Accomplishments that we're proud of

Overcoming the hurdle of connecting user input on our website with our ML pipeline, and being able to limit our scope when we needed to.

What we learned

Version control across different languages within a short time frame (especially given that we were using micro web frame works (i.e flask) : JavaScript, CSS, and Python) across different platforms (PyCharm, Visual Studio, Git, Google Collaboratory)

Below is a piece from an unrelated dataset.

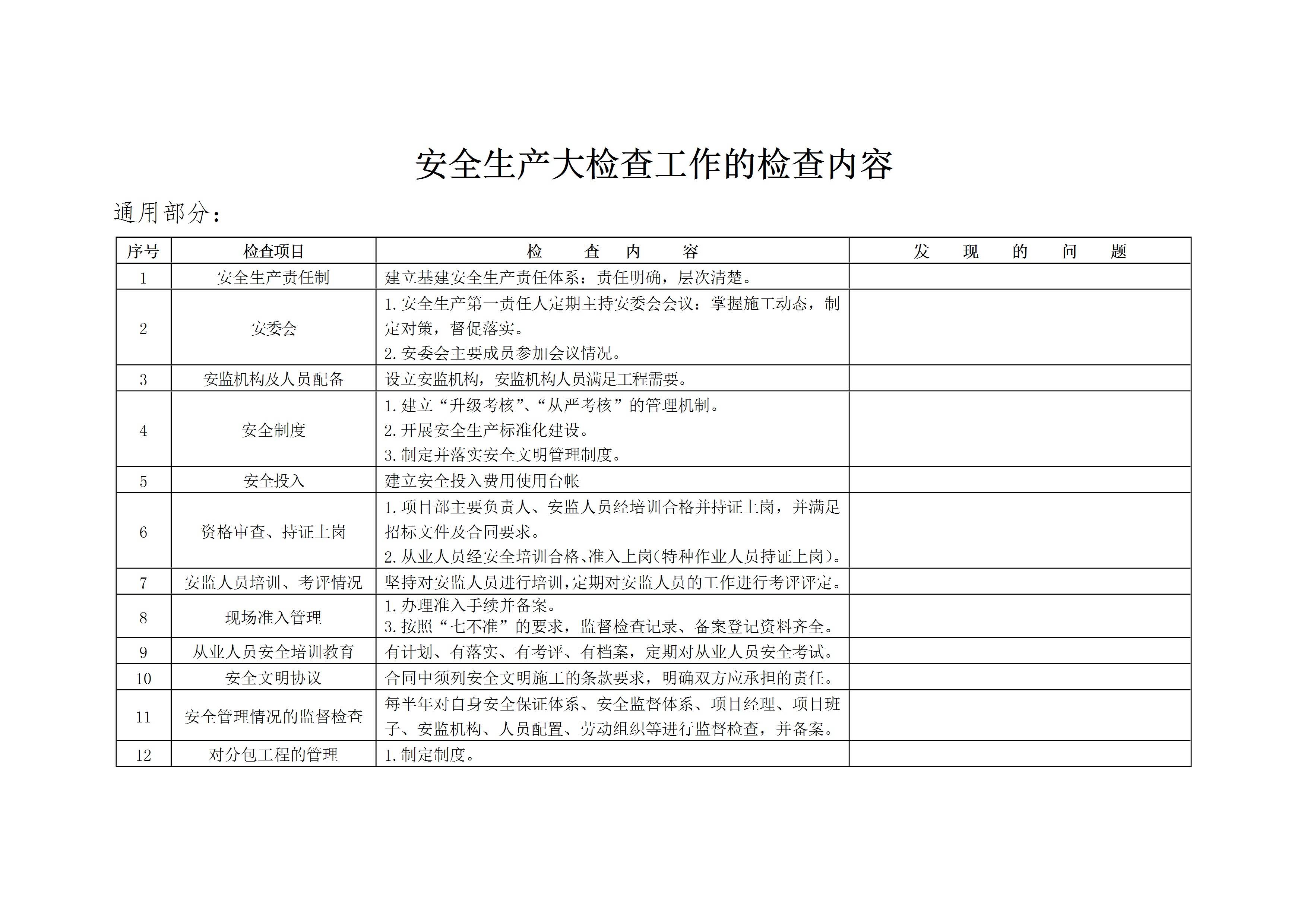 / 安全生产大检查工作检查内容

What's next for probabilistic-sentiment-analysis

What's next is ramping up to live sentiment analysis, web scraping social media with live APIs, position management recommendations across different time-frames. We also want to eventually integrate GPT-3 as a sort of sandbox feature for users to determine sentiment of their own input and use cohere for generating synopsis of articles and use our algorithm for sentiment analysis of the generated synopsis to evaluate the presence of strong biases before articles are published.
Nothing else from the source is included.